DATA EXCERPTS Start Marker

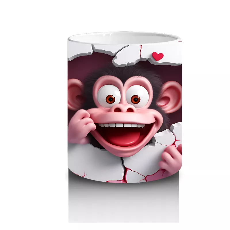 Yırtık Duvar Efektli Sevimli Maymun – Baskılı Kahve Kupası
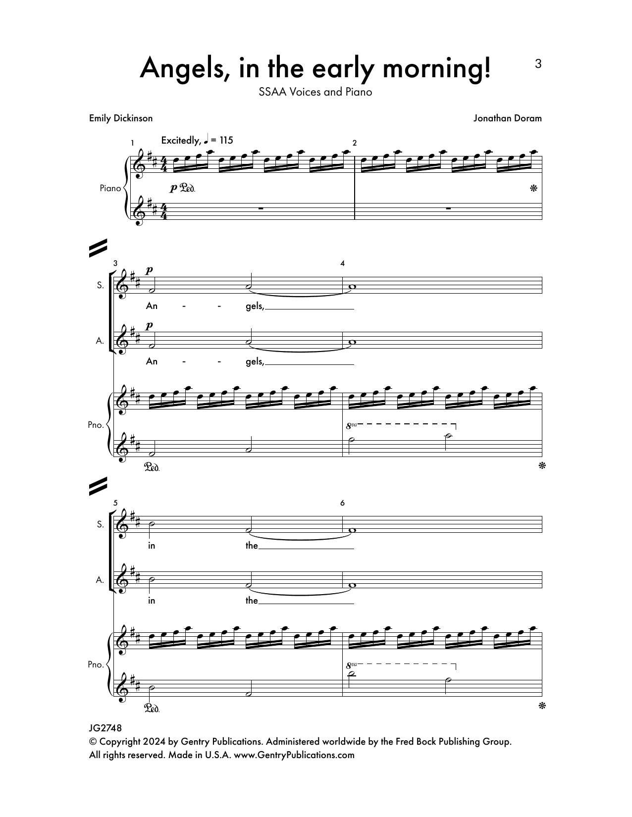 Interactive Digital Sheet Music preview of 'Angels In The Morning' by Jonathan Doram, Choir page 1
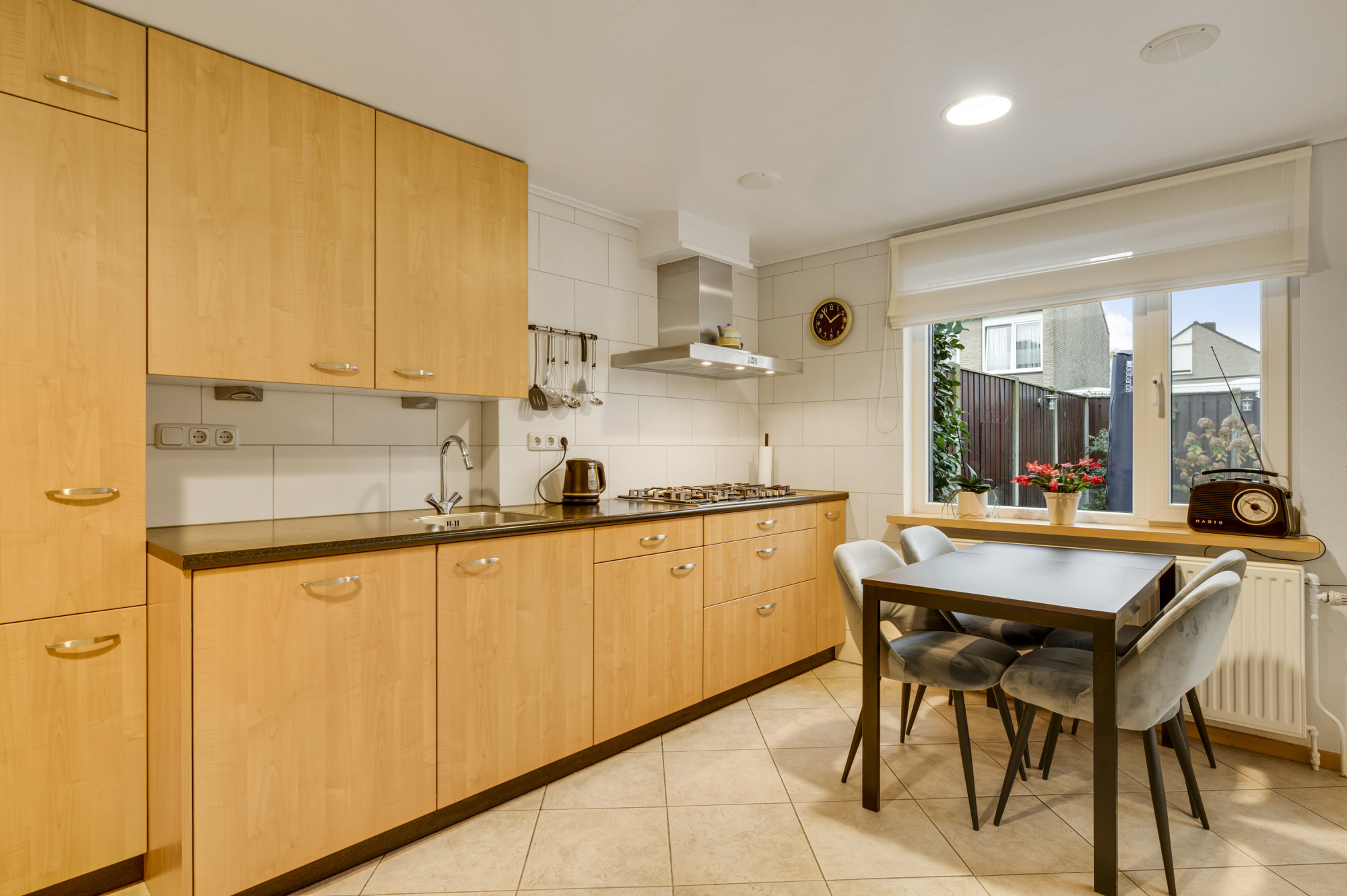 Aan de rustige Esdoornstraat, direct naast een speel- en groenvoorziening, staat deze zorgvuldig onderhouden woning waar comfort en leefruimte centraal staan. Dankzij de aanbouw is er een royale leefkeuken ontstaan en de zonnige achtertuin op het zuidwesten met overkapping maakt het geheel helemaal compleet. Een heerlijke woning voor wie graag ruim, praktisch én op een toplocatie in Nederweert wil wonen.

DATA EXCERPTS End Marker
DATA EXCERPTS Start Marker

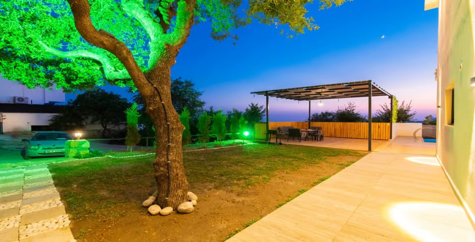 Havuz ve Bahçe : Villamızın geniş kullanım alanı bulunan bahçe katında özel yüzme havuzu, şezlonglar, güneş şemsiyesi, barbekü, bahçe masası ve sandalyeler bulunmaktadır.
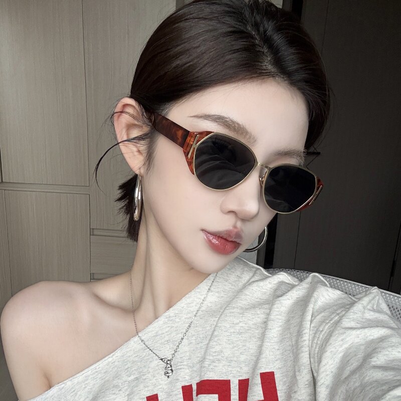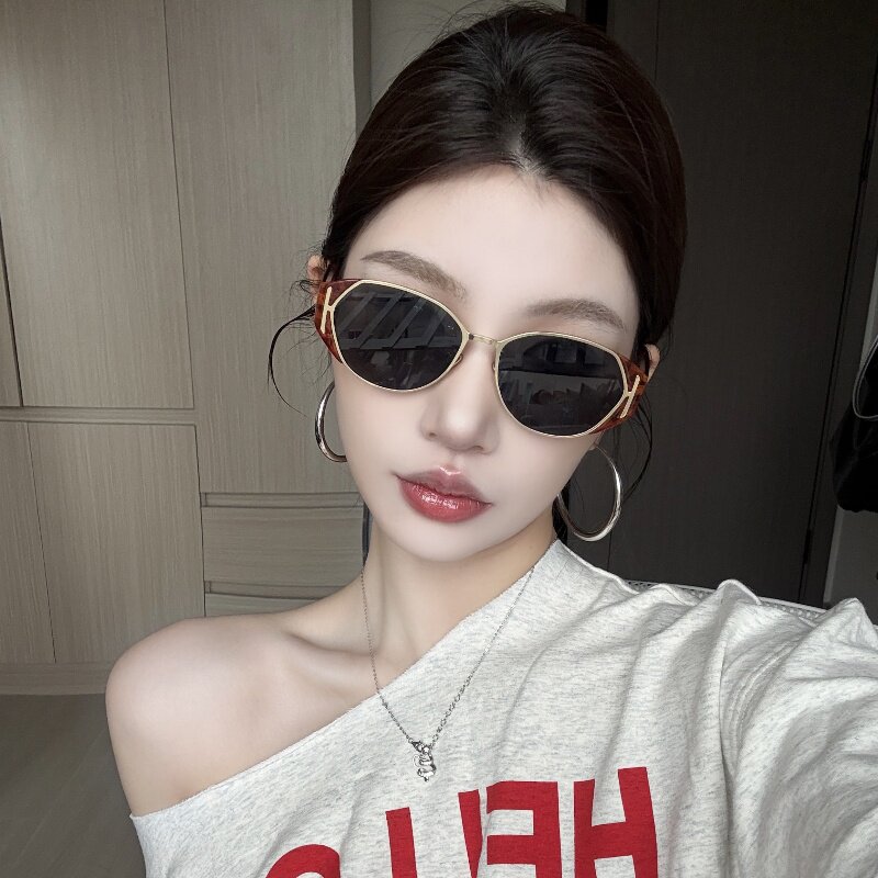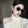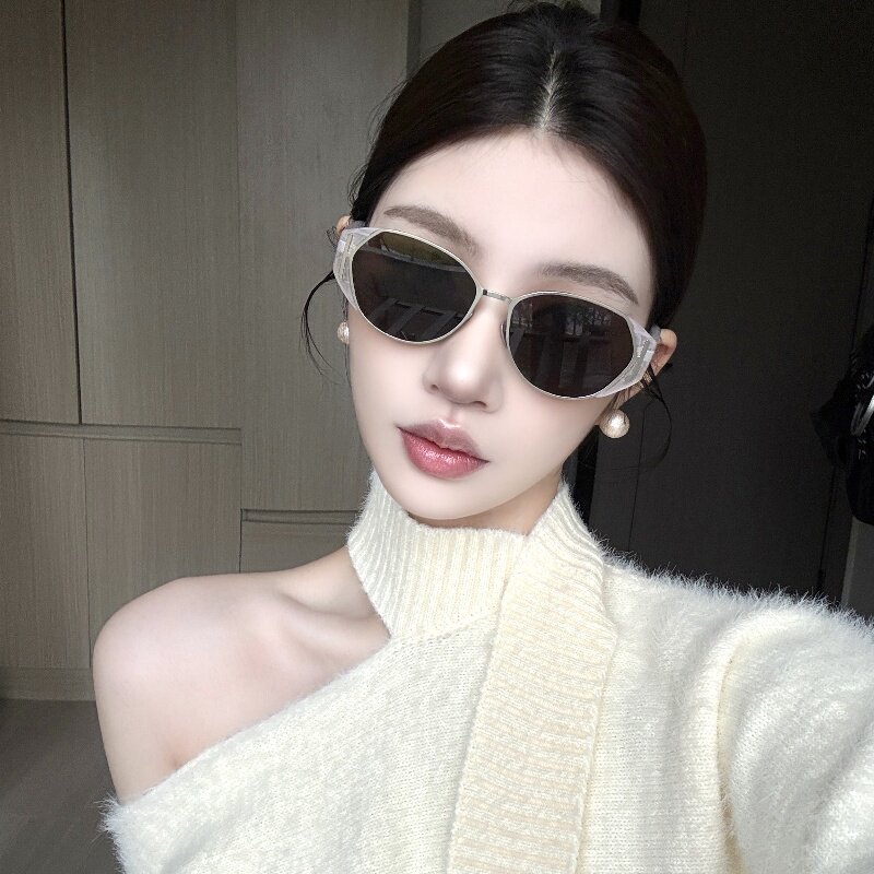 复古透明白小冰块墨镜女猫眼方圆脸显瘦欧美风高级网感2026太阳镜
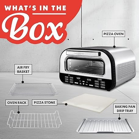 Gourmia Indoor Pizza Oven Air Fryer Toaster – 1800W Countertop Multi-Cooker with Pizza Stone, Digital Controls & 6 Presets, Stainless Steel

DATA EXCERPTS End Marker

REQUIRED WORK: Nothing but the lines above from the one that has "Yırtık Duvar Efektli" down to the one that has "Aan de rustige" belongs in the answer, copied exactly, without pictures.

RESPONSE TO THIS EXERCISE:
 Yırtık Duvar Efektli Sevimli Maymun – Baskılı Kahve Kupası
 Interactive Digital Sheet Music preview of 'Angels In The Morning' by Jonathan Doram, Choir page 1
 Aan de rustige Esdoornstraat, direct naast een speel- en groenvoorziening, staat deze zorgvuldig onderhouden woning waar comfort en leefruimte centraal staan. Dankzij de aanbouw is er een royale leefkeuken ontstaan en de zonnige achtertuin op het zuidwesten met overkapping maakt het geheel helemaal compleet. Een heerlijke woning voor wie graag ruim, praktisch én op een toplocatie in Nederweert wil wonen.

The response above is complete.